Jun 10 16:33:33 A4U4S429-D0 scsi: /pci@8000/pci@4/pci@0/pci@0/scsi@0 (mpt_sas0):
Jun 10 16:33:33 A4U4S429-D0 PhysDiskNum 1 with DevHandle 0x11 in slot 0 for enclosure with handle 0x0 is now offline
Jun 10 16:33:33 A4U4S429-D0 scsi: /pci@8000/pci@4/pci@0/pci@0/scsi@0 (mpt_sas0):
Jun 10 16:33:33 A4U4S429-D0 PhysDiskNum 1 with DevHandle 0x11 in slot 0 for enclosure with handle 0x0 is now , active, out of sync, write cache enabled
Jun 10 16:33:33 A4U4S429-D0 scsi: /pci@8000/pci@4/pci@0/pci@0/scsi@0 (mpt_sas0):
Jun 10 16:33:33 A4U4S429-D0 PhysDiskNum 1 with DevHandle 0x11 in slot 0 for enclosure with handle 0x0 is now , active, out of sync
Jun 10 16:33:33 A4U4S429-D0 scsi: WARNING: /pci@8000/pci@4/pci@0/pci@0/scsi@0
(mpt_sas0):
Jun 10 16:33:33 A4U4S429-D0 Volume 286 is degraded
Jun 10 16:33:33 A4U4S429-D0 scsi: /pci@8000/pci@4/pci@0/pci@0/scsi@0 (mpt_sas0):
Jun 10 16:33:33 A4U4S429-D0 Volume 0 is now degraded
Jun 10 16:33:33 A4U4S429-D0 scsi: WARNING: /pci@8000/pci@4/pci@0/pci@0/scsi@0
(mpt_sas0):
Jun 10 16:33:33 A4U4S429-D0 Volume 286 is degraded
Jun 10 16:33:33 A4U4S429-D0 scsi: /pci@8000/pci@4/pci@0/pci@0/scsi@0 (mpt_sas0):
Jun 10 16:33:33 A4U4S429-D0 Volume 0 is now , enabled, active, data scrub in progress Jun 10 16:33:33 A4U4S429-D0 scsi: WARNING: /pci@8000/pci@4/pci@0/pci@0/scsi@0 (mpt_sas0):
Jun 10 16:33:33 A4U4S429-D0 Volume 286 is degraded
Jun 10 16:33:33 A4U4S429-D0 scsi: /pci@8000/pci@4/pci@0/pci@0/scsi@0 (mpt_sas0):
Jun 10 16:33:33 A4U4S429-D0 Volume 0 is now , enabled, active, data scrub in progress
  1. Check the output results from the show-children command, which were recorded beforehand.

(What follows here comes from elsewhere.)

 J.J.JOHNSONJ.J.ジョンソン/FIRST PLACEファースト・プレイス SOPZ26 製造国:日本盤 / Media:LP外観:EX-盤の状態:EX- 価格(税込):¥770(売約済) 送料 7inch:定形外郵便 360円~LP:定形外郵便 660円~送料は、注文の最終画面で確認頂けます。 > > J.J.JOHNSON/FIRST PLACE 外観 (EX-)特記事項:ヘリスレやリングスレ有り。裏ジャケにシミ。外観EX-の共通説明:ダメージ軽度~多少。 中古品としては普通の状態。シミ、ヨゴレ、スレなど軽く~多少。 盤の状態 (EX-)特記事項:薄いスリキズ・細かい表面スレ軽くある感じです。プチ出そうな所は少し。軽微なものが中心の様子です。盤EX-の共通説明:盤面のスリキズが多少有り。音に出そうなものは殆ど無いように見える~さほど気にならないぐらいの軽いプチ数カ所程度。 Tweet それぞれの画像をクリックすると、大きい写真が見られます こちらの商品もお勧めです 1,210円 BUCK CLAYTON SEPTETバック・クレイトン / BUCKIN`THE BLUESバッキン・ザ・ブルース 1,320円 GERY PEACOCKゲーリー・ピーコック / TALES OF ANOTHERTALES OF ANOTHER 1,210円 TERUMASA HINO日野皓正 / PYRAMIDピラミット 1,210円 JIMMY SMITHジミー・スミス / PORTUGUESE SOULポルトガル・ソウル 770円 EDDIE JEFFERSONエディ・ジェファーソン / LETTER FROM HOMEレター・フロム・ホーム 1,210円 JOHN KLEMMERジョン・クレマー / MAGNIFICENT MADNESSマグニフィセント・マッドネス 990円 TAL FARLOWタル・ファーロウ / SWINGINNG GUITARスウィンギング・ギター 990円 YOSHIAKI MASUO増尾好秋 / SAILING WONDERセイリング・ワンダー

    The PhyNum value of the Target value matching the DevHandle value obtained from the check in step (1) indicates the slot of the failed disk drive.

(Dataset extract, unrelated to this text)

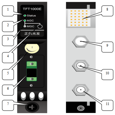 TFT1000E modular transmitter pictures:1,state indicator: normal -> green, red -> alarm ...

    In the following example, the PhyNum value of Target 11 is 7, so it can be determined that the failed disk drive is in slot 7.
{0} ok show-children
:
Omitted
:
Target 11
Unit 0 Disk TOSHIBA MBF2600RC 3706
1172123568 Blocks, 600 GB
SASDeviceName 50000393c813ae72 SASAddress 50000393c813ae74
PhyNum 7
:
Omitted
:
Note - A change of the disk drive mounting status also changes the DevHandle value.
Displaying the Status With the FCode Utility
To check for a disk drive failure, stop the system, and use the show-volumes command of the FCode utility command.

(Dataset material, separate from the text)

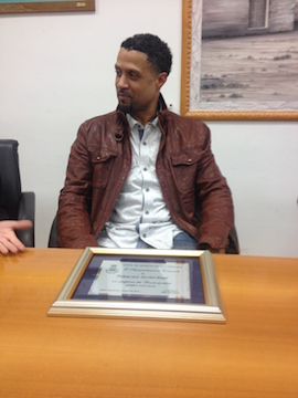 É un Rauf commosso quello che entra nella sala della giunta comunale di Roseto degli Abruzzi, alla presenza di una ventina di persone tra giornalisti e fotografi, che lo hanno accolto con calore. Il sindaco di Roseto, Enio Pavone, ha consegnato una targa commemorativa al Califfo che si è emozionato, senza essere riuscito a trattenere le lacrime. Evidentemente, non si aspettava che Roseto non lo avesse dimenticato. Bello l’intervento da parte di Ruaf in merito al ricordo più bello della sua avventura a Roseto: sulla spiaggia, in un momento di relax con la famiglia, una bambina rosetana prese la mano di uno dei figli di Mahmoud ed iniziò a giocarci. Un gesto che secondo Rauf dimostra la generosità degli abitanti di questa città, indubbiamente, per usare le sue parole, “il posto più bello dove ho giocato, per il calore della gente e attaccamento alla pallacanestro”. Rauf non vede l’ora che sia domani sera (venerdì) per tornare al PalaMaggetti e riabbracciare i vecchi amici che “non mi hanno mai dimenticato – dice l’americano – e hanno supportato me e la mia famiglia in un momento di difficoltà, quale la malattia di mio figlio Ammar”.

For details, see "14.2.8 Checking the Status of a Hardware RAID Volume and a Disk Drive."
Displaying the status with the SAS2IRCU utility
You can also use the SAS2IRCU utility to check for a disk drive failure.
For details on the SAS2IRCU utility, see the beginning of "14.2 Configuring Hardware RAID." Also, for the display status with SAS2IRCU utility, see "14.2.8 Checking the Status of a Hardware RAID Volume and a Disk Drive" and for display examples, see "Appendix F SAS2IRCU Utility Command Examples."